How are stock options taxed - "regular income" vs "short term capital gains"? Tax implications explained

So my husband has been getting RSUs from his job for a while and we've got the hang of how those are taxed, but I just found myself in a new situation with my company going public last month. I've got a bunch of ISOs (incentive stock options) that are now "in the money" and I'm trying to figure out the tax implications before making any moves. The important context is that my husband has significant short term capital gains losses from some bad investments a few years back that we're still carrying forward. Ideally, we'd like to use those to offset gains if possible. Here's what I think happens (but please confirm): Let's say my options have a strike price of $7, and today the stock is at $60. If I exercise the options and immediately sell at $60, I'd have a $53 gain. Would this be considered short term capital gains that can offset my husband's carried-over losses? Or is it just treated as regular income? Alternatively, if I exercise now but hold until July 2025 before selling, would that entire $53 gain be considered long term capital gains (assuming the stock price stays the same)?
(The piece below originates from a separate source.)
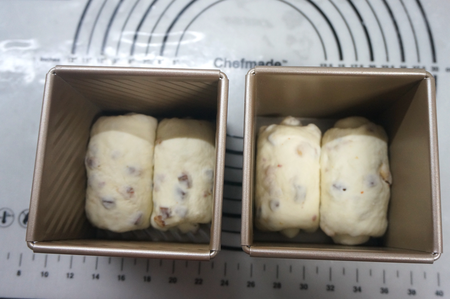 12. 四个面包卷分别入水立方吐司盒中,也可以用一个450克吐司盒;放在温暖湿润处进行二次发酵;这个过程有点漫长,可以放进烤箱中,放一碗水,温度在35度左右;http://si1.go2yd.com/get-image/0KMHR4HcteK

Really appreciate any insights on this - we want to make the smartest move tax-wise!

The tax treatment of ISOs can be a bit complicated, but let me break it down for you in simpler terms. When you exercise ISOs, you're not immediately taxed on the difference between the strike price and fair market value (this is different from non-qualified options). However, this difference ($53 in your example) can trigger Alternative Minimum Tax (AMT) in the year you exercise. If you exercise and sell immediately (same day), this is called a disqualifying disposition. The entire spread ($53 in your case) would be treated as ordinary income, not capital gains. So unfortunately, this couldn't be used to offset your husband's carried-over capital losses. If you exercise now and hold the shares for at least 1 year from exercise AND 2 years from the grant date before selling, then any gain would qualify for long-term capital gains treatment. In this scenario, you'd potentially pay AMT in the year of exercise, but the eventual sale would be eligible for the lower long-term capital gains rate.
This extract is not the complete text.